That fury has, incontestably, accompanied the entire journey of the Unabomber. Unfortunately, having been deliberated ignored by those who, in the course of the last fifty years, have each other in their turn proposed to change the world, this fury reappears here, prisoner of an absolute solitude, for want of never having been capable of engendering that other way of thinking hoped for by Breton.
It is without a doubt that, over the last dozen years or so, people haven’t been lacking in their criticism against this or that aspect of technology. Ecologists have transformed themselves into specialists who are consulted by those in power just as other specialists, since the current situation has become so alarming they are henceforth obliged to act as if they were concerned with the crimes of this technology. But who has proposed that everything be rethought in this catastrophic illumination?
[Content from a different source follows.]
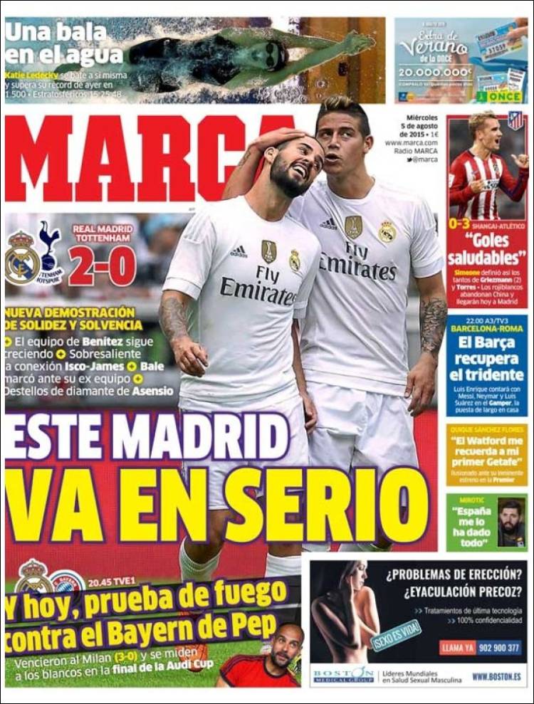 Luego está lo de los tatuajes, cuya desaforada fiebre no podemos menos que condenar también (ver de nuevo la portada del Marca y reparar en los brazos invadidos de motivos raros de Isco y el propio James), aunque nos preguntamos súbitamente azorados si condenar las mechas y el abuso (cuidado: solo el abuso) del tatuaje no será piperismo. La duda nos deja postrados en un estado de desvalimiento paralizante, o quizá sea solo que hoy no corre la brisa y la indolencia nos domina.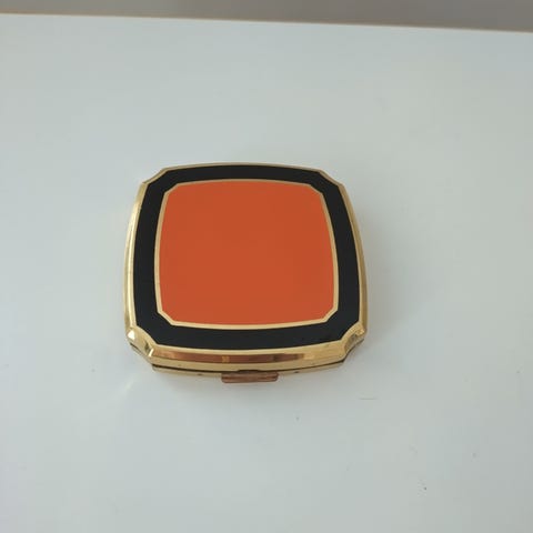1940 luvulta? Made in Great Britain lukee sisällä. Käyttämätön puuterivippa, ehjä peili. Hyvin kestänyt aikaa, ajan jälkiä on. Kullanvärinen metallinen rasia, kankainen, kirjailtu kansi liimattu.

Who has gone back, as Breton did fifty years ago, to this mutinous sentiment, that has been, taking it all in all, shackled by the limits of a theory, which has thought itself revolutionary.
To be, first of all, of the sensible order, this revolt is a weapon that doesn’t kill, so long as we are fit to make use of it. But are we still fit? This is one of the serious questions the Unabomber has posed for us. Especially when, in view of the recent ravages of food engineering, nobody — in France, at least — has recognized that it already was a question of the same future of the same industrialized society, accurately depicted by someone it is most convenient to portray in the image of a “mad bomber.”
Look out!, this blindness is a dangerous time bomb.
April 16, 1996
 Andre Breton, La Lampe dans l’Horloge, Robert Marin, Paris, 1948, then republishes in La Cle des Champs, Saggitaire, 1953, p. 117.
 Andre Breton, Entretiens, Gallimard, 1952, p. 240.